Ödeme emrine karşı açılacak davalarda, dava açma süresi 7 gün olup, bu süre 2577 sayılı İYUK md. 61-62 hükümlerine göre adli tatil dönemlerine tekabül etmesi halinde dava açma süresi adli tatil bitimi olan süreden sonra 7 gün uzar. Adli tatil her yıl 20 temmuz ila 31 ağustos dönemlerini kapsar.

Aksi yasada öngörülmedikçe, idari yargı yerlerinde dava açılması ya da temyiz yoluna başvurulması kural olarak, dava konusu idari işlemlerin yürütülmesini durdurmaz. Ancak taraflardan birinin talebi üzerine, gerekli şartlar da oluşmuşsa Mahkeme, yürütmenin durdurulmasına karar verebilir. Mahkeme tarafından yürütmenin durdurulmasına karar verilmesi durumunda, esas dava karara bağlanıncaya kadar, eski durumun devamı sağlanır. Böylece davacıların, dava konusu yaptıkları idari işlemin uygulaması, dava sonuna kadar ertelenir. Dolayısıyla, yürütmenin durdurulması kararı, bu ertelemeyi sağlayan geçici bir önlemdir.
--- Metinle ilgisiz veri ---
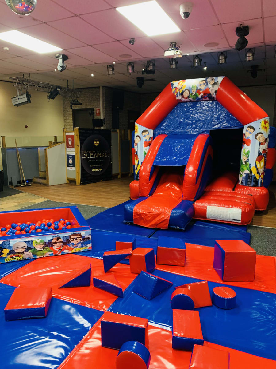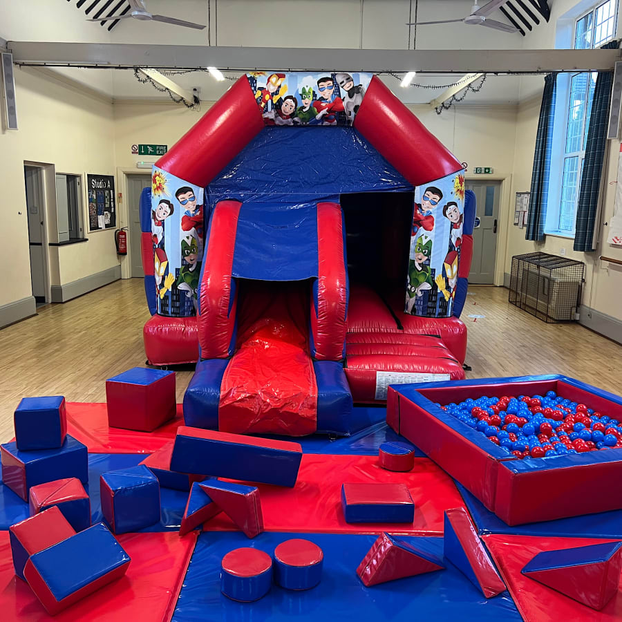 The package includes a foam ball pool our 17pc matching Superheroes soft play and red/blue matching Mega mat set up ! This Package is the perfect choice for Indoor hires.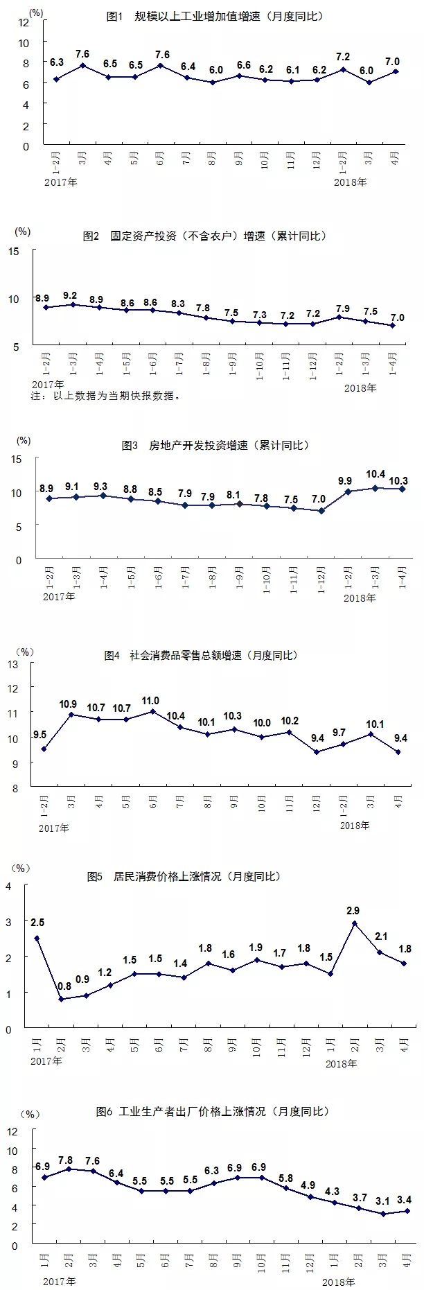 总的来看,4月份国民经济延续了稳中有进、稳中向好的发展态势。但也要看到,外部环境不稳定不确定因素增加,国内发展不平衡不充分问题突出,经济持续健康发展的基础仍需巩固。要以习近平新时代中国特色社会主义思想为指导,深入贯彻党的十九大和中央经济工作会议精神,按照政府工作报告部署,坚持稳中求进工作总基调,以供给侧结构性改革为主线,保持宏观政策的连续性和稳定性,坚持扩大改革开放,深入实施创新驱动,不断增强内生动力,着力振兴实体经济,推动我国经济在实现高质量发展上不断取得新进展。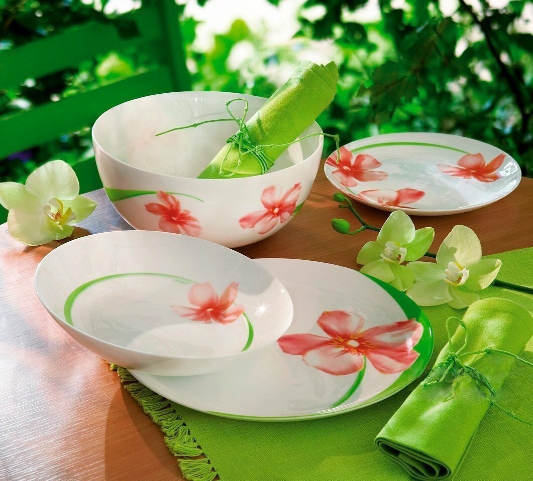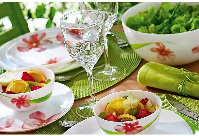 Столовый сервиз Sweet Impression E4946 из 19 предметов на 6 персон. Сервиз изготовлен из ударопрочного стекла белого цвета с цветным рисунком. В сервиз входят 6 тарелок обеденных диаметром 25см., 6 десертных тарелок 18см., 6 тарелок глубоких 20см. и средний салатник 21см.

Yürütmenin durdurulması kararları ile ilgili, belli başlı ilkeler aşağıda sıralanmıştır;

1) Yürütmenin durdurulması talebi ödeme emri aşamasında teminat gösterilmiş olması şartıyla verilebilir. (Anayasa Md. 125, İYUK Md. 27) Vergi ve ceza ihbarnamelerine karşı açılan davalarda yürütmenin durdurulması talebinde bulunmasına gereksinim yoktur. Çünkü, (1) nolu vergi ve ceza ihbarnamelerine karşı açılan davalarda otomatikman tahsilat durmakta, ayrıca yürütmenin durdurulması talebine gerek yoktur. Vergi mahkemesinde açılan davanın mükellef aleyhine neticelenmesi halinde vergi dairesi tarafından mükellefe uygulanan (2) nolu ihbarnameye karşı mal beyanında bulunularak karar temyiz edilir ve karar için bir üst mahkemeye itiraz veya temyiz yapılmalıdır.

2) İdari işlemlerin uygulanması halinde telafisi güç veya imkansız zararların doğması gerekir. Ayrıca, idari işlemin açıkça hukuka aykırı olması zorunludur. Bu gibi durumlarda yürütmenin durdurulması talep edilmelidir.

3) Yürütmenin durdurulması istemi, ancak açılan dava içerisinde istenmelidir.

4) Yürütmenin durdurulması istemi, ya dava dilekçesi ile beraber veya dava açtıktan sonra ayrı bir dilekçe ile istenmelidir.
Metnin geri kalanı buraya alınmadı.